#### DATA IN THIS EXERCISE ####
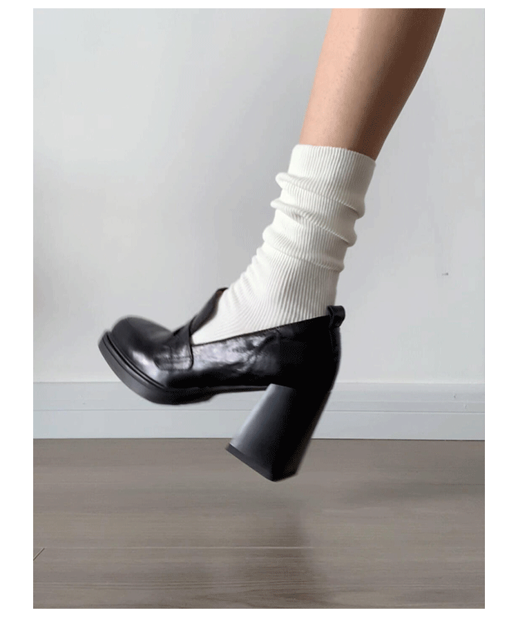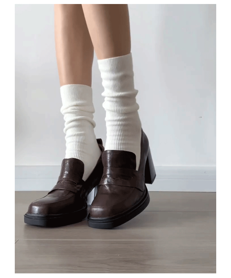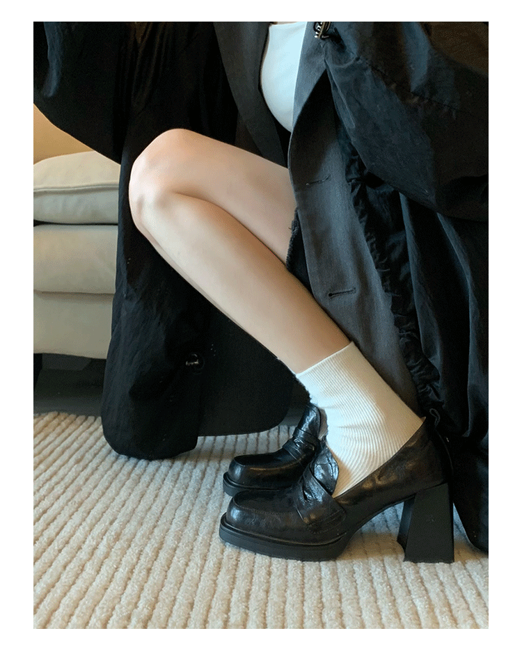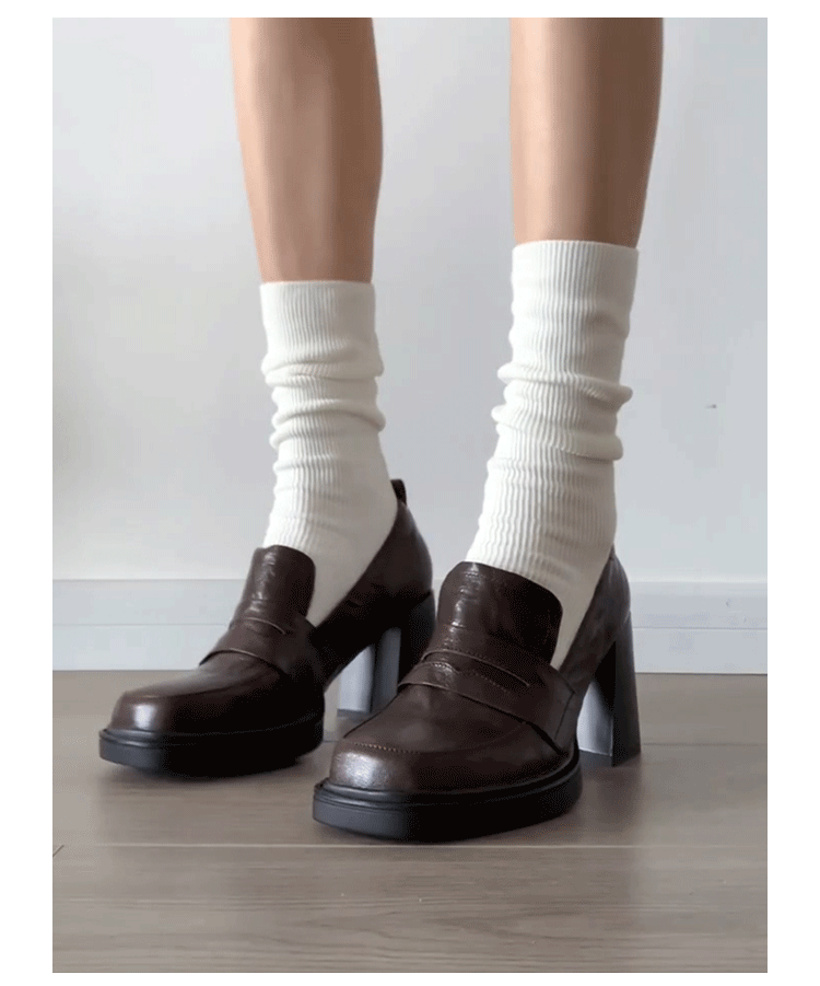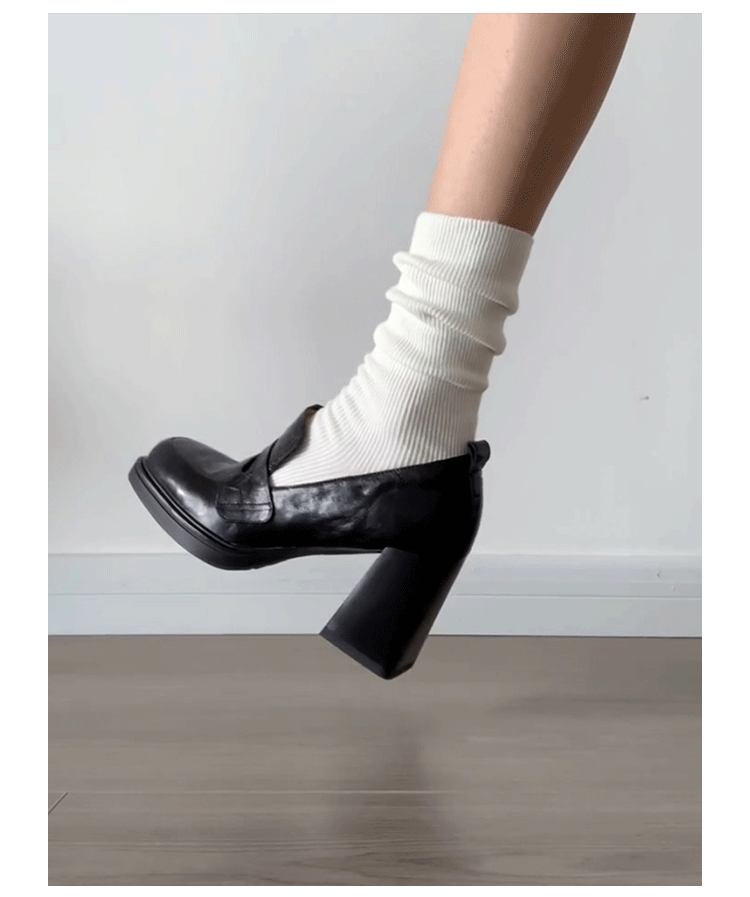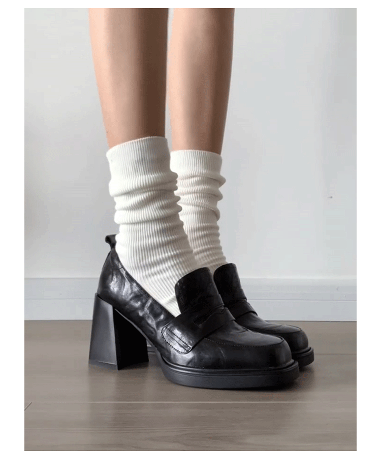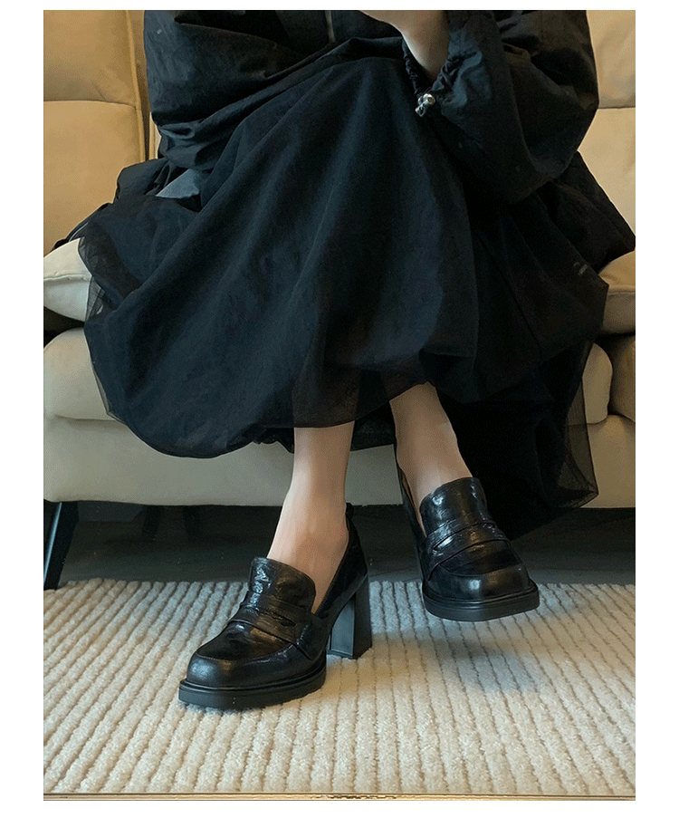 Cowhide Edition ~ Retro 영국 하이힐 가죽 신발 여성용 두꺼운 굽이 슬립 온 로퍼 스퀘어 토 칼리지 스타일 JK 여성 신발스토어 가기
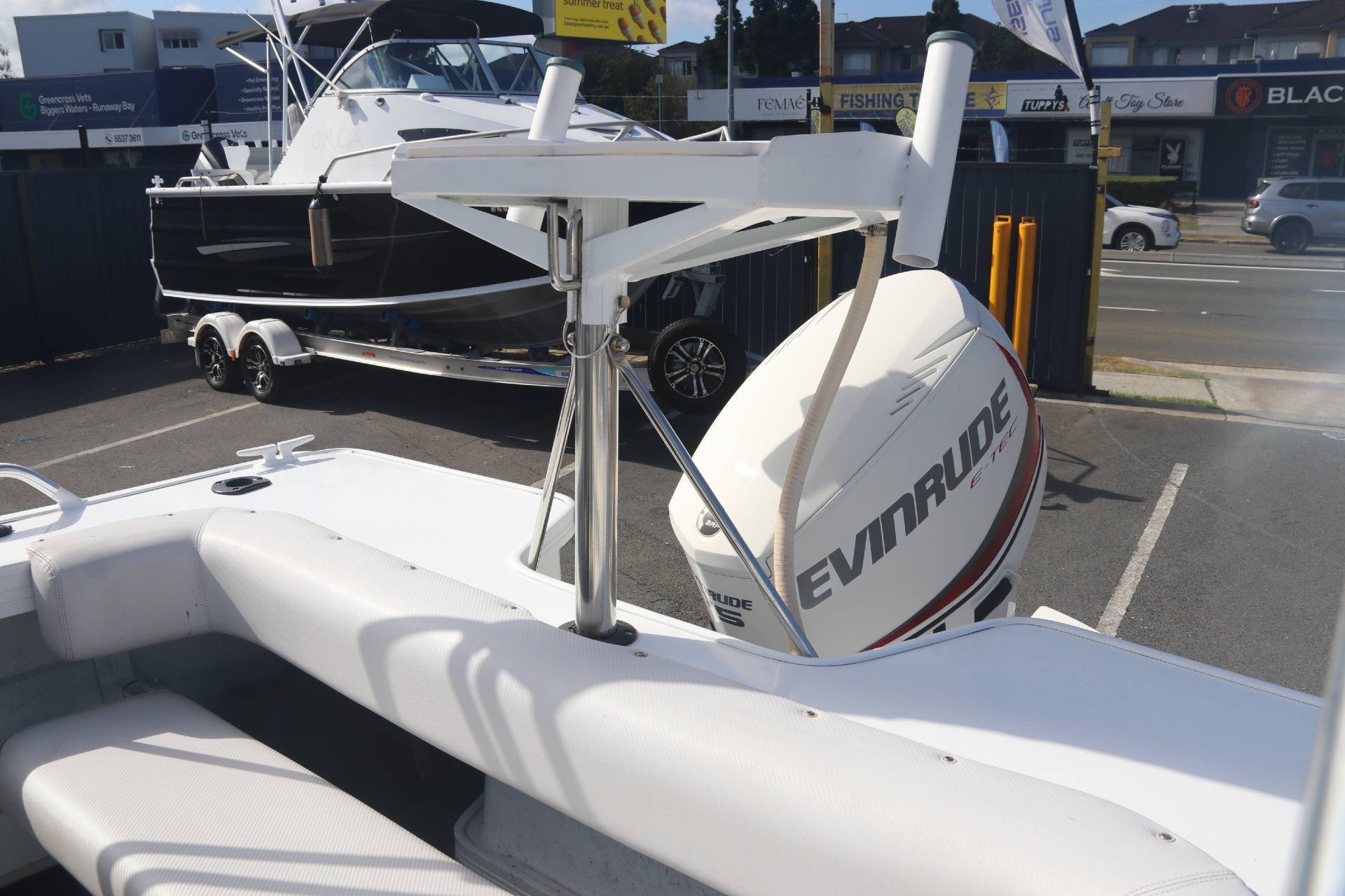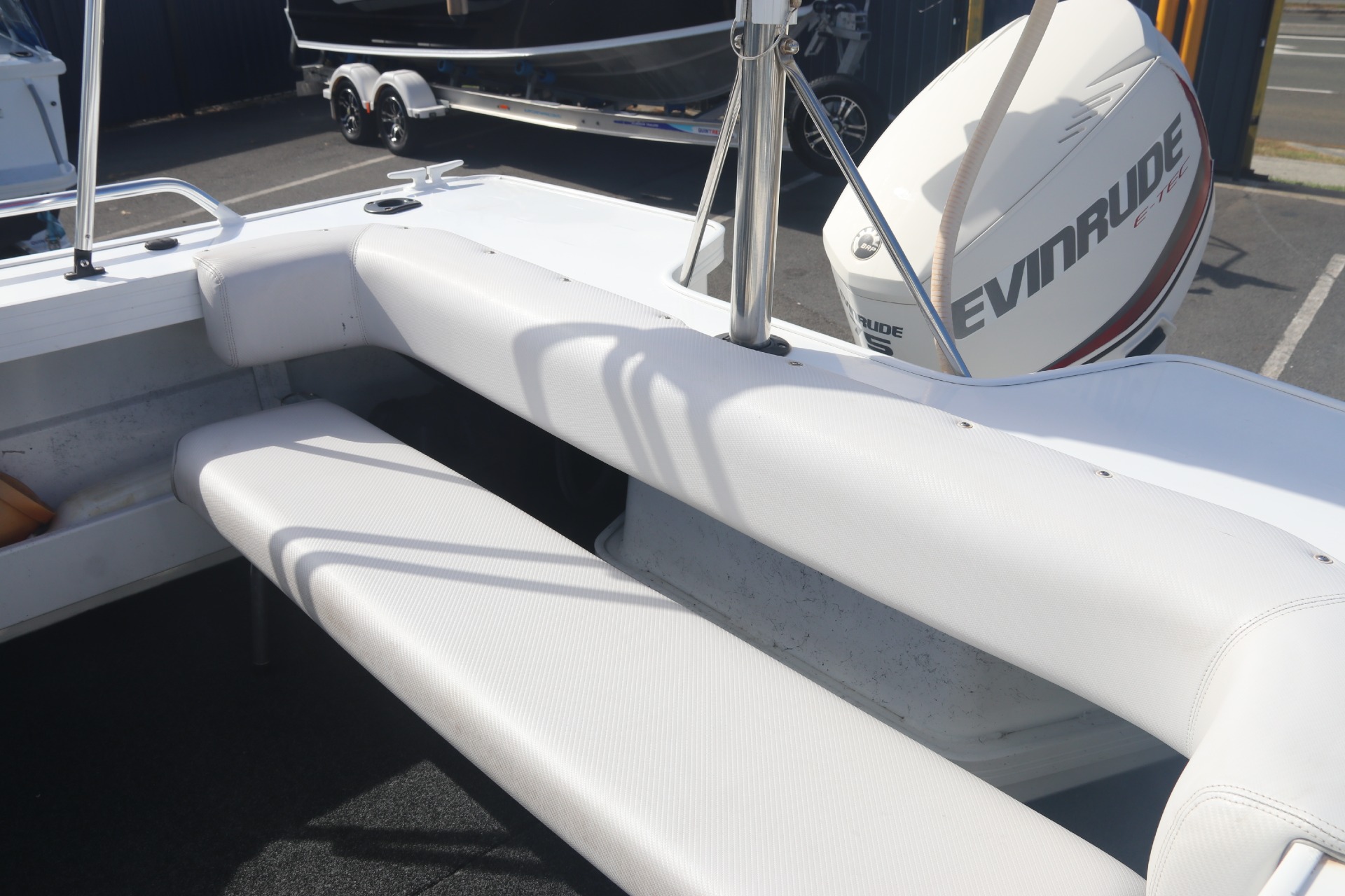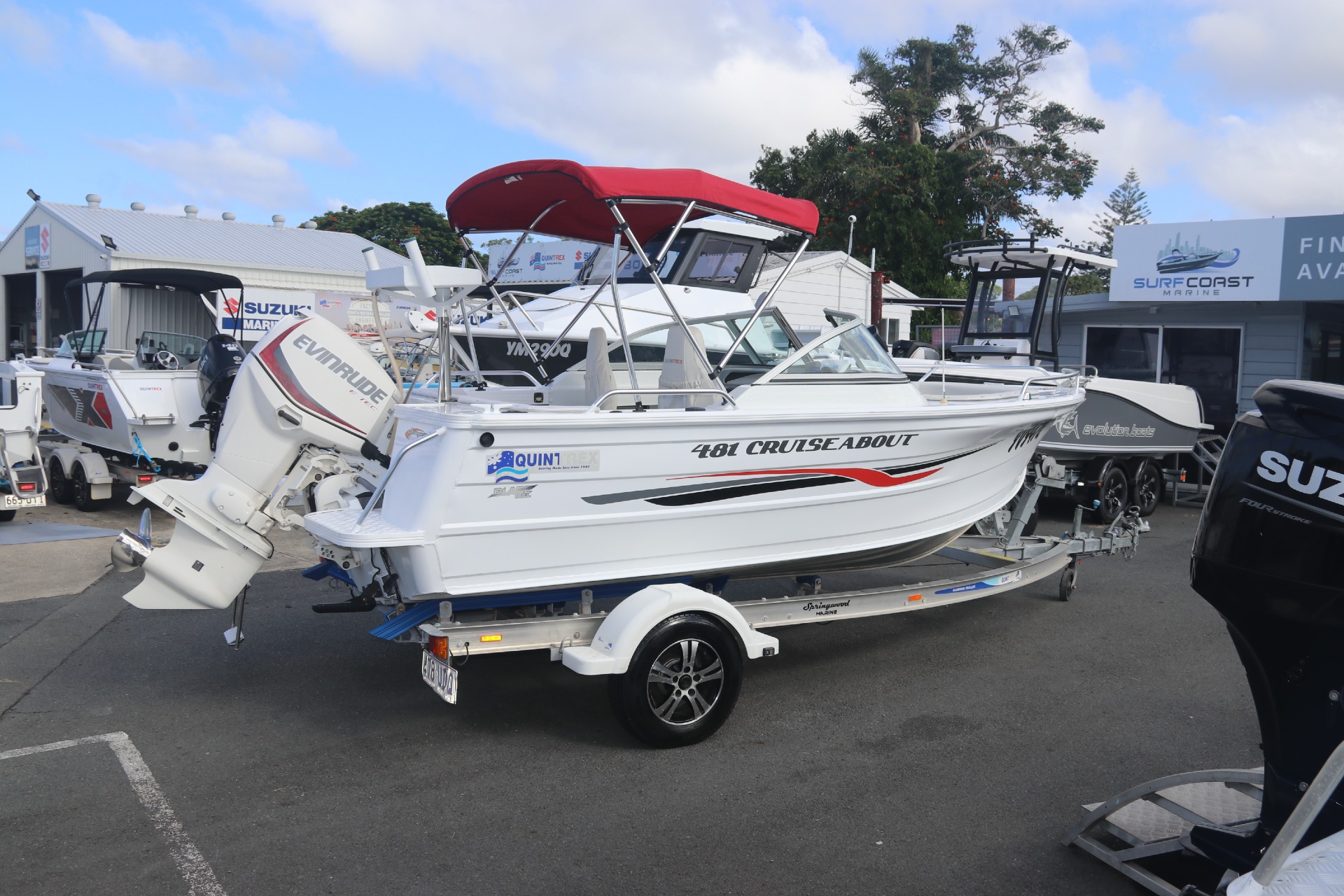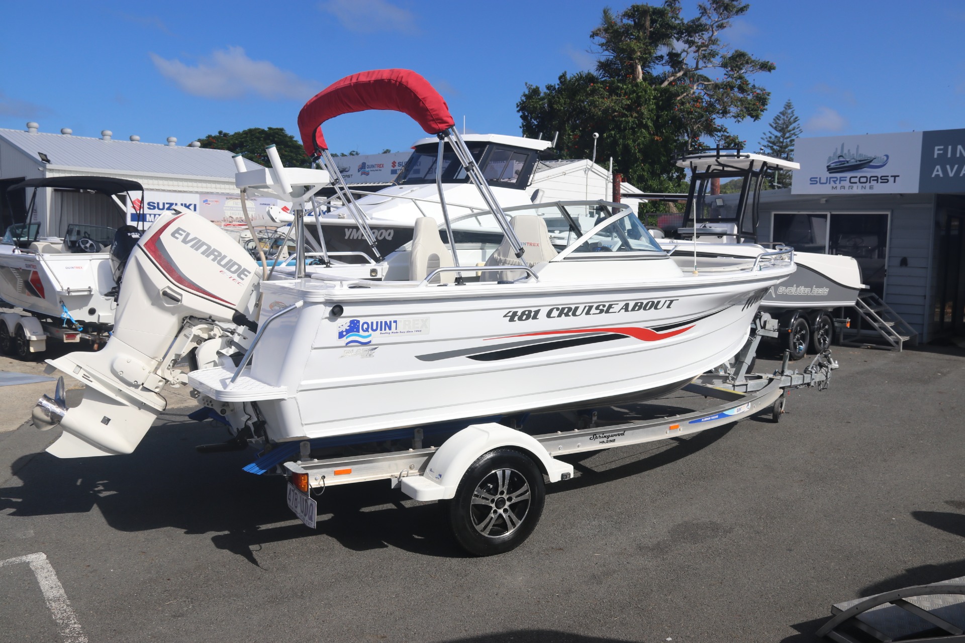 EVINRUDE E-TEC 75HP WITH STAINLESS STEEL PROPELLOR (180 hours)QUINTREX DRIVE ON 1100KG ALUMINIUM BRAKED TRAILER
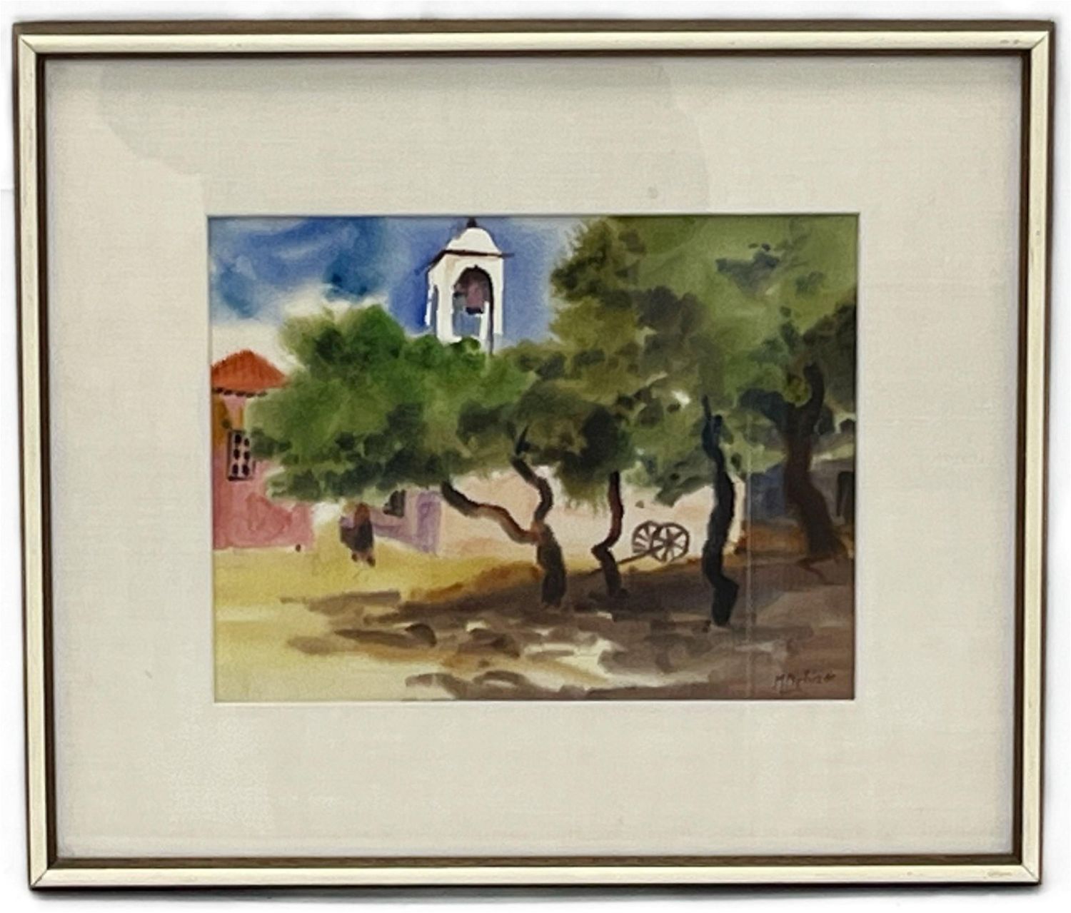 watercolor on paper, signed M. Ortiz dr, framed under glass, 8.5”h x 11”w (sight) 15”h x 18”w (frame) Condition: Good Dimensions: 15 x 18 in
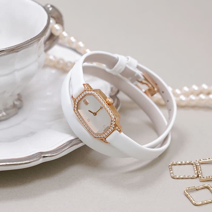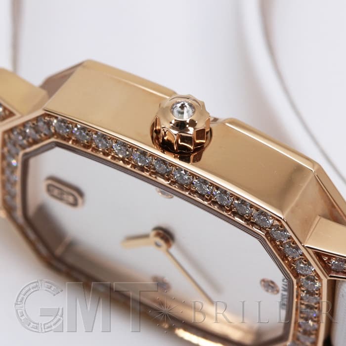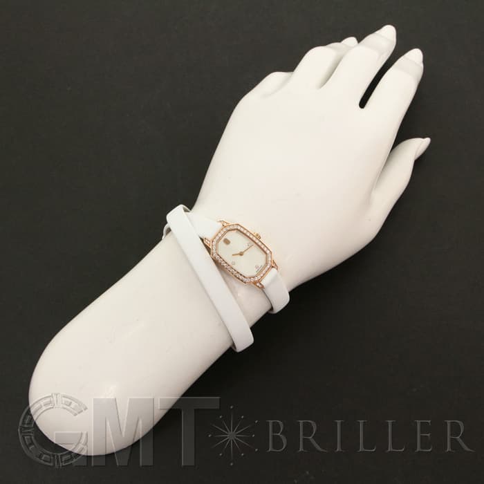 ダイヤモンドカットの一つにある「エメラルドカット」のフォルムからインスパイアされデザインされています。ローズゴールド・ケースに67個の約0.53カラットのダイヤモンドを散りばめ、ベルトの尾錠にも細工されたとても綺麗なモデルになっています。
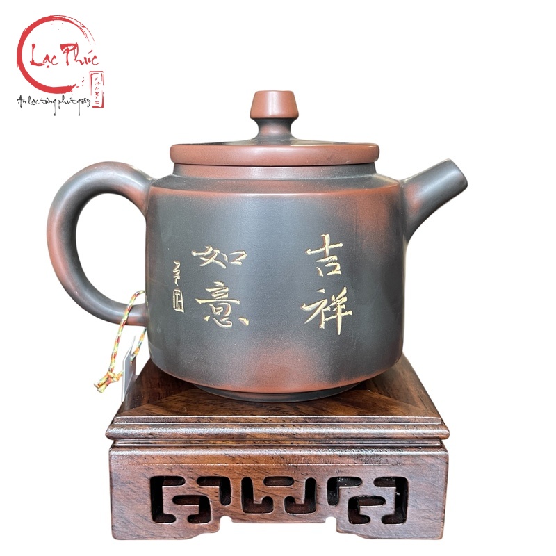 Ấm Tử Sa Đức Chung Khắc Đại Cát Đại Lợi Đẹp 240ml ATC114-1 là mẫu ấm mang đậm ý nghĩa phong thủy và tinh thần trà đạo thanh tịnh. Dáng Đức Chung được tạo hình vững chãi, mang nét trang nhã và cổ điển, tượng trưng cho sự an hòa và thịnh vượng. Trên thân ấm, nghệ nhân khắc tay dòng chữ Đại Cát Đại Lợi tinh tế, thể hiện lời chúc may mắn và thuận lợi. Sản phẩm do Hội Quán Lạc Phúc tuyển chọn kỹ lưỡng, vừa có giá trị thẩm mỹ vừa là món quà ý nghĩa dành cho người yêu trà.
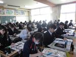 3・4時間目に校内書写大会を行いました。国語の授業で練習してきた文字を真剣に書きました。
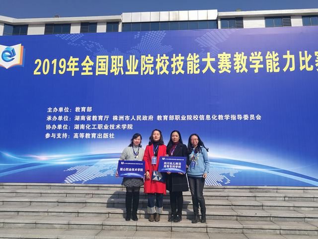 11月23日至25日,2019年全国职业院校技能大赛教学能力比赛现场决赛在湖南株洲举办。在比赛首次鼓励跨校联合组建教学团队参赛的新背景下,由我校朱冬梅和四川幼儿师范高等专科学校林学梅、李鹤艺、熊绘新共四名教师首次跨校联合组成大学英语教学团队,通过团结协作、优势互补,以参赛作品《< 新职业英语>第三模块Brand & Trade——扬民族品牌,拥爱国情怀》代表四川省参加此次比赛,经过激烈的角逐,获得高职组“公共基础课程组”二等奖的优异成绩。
####
** TASK TO CARRY OUT **
Which lines run from the one containing "Ấm Tử Sa Đức" through the last line of the entries above? Output them exactly, both ends included, with no pictures.

** SOLVED EXERCISE **
 Ấm Tử Sa Đức Chung Khắc Đại Cát Đại Lợi Đẹp 240ml ATC114-1 là mẫu ấm mang đậm ý nghĩa phong thủy và tinh thần trà đạo thanh tịnh. Dáng Đức Chung được tạo hình vững chãi, mang nét trang nhã và cổ điển, tượng trưng cho sự an hòa và thịnh vượng. Trên thân ấm, nghệ nhân khắc tay dòng chữ Đại Cát Đại Lợi tinh tế, thể hiện lời chúc may mắn và thuận lợi. Sản phẩm do Hội Quán Lạc Phúc tuyển chọn kỹ lưỡng, vừa có giá trị thẩm mỹ vừa là món quà ý nghĩa dành cho người yêu trà.
 3・4時間目に校内書写大会を行いました。国語の授業で練習してきた文字を真剣に書きました。
 11月23日至25日,2019年全国职业院校技能大赛教学能力比赛现场决赛在湖南株洲举办。在比赛首次鼓励跨校联合组建教学团队参赛的新背景下,由我校朱冬梅和四川幼儿师范高等专科学校林学梅、李鹤艺、熊绘新共四名教师首次跨校联合组成大学英语教学团队,通过团结协作、优势互补,以参赛作品《< 新职业英语>第三模块Brand & Trade——扬民族品牌,拥爱国情怀》代表四川省参加此次比赛,经过激烈的角逐,获得高职组“公共基础课程组”二等奖的优异成绩。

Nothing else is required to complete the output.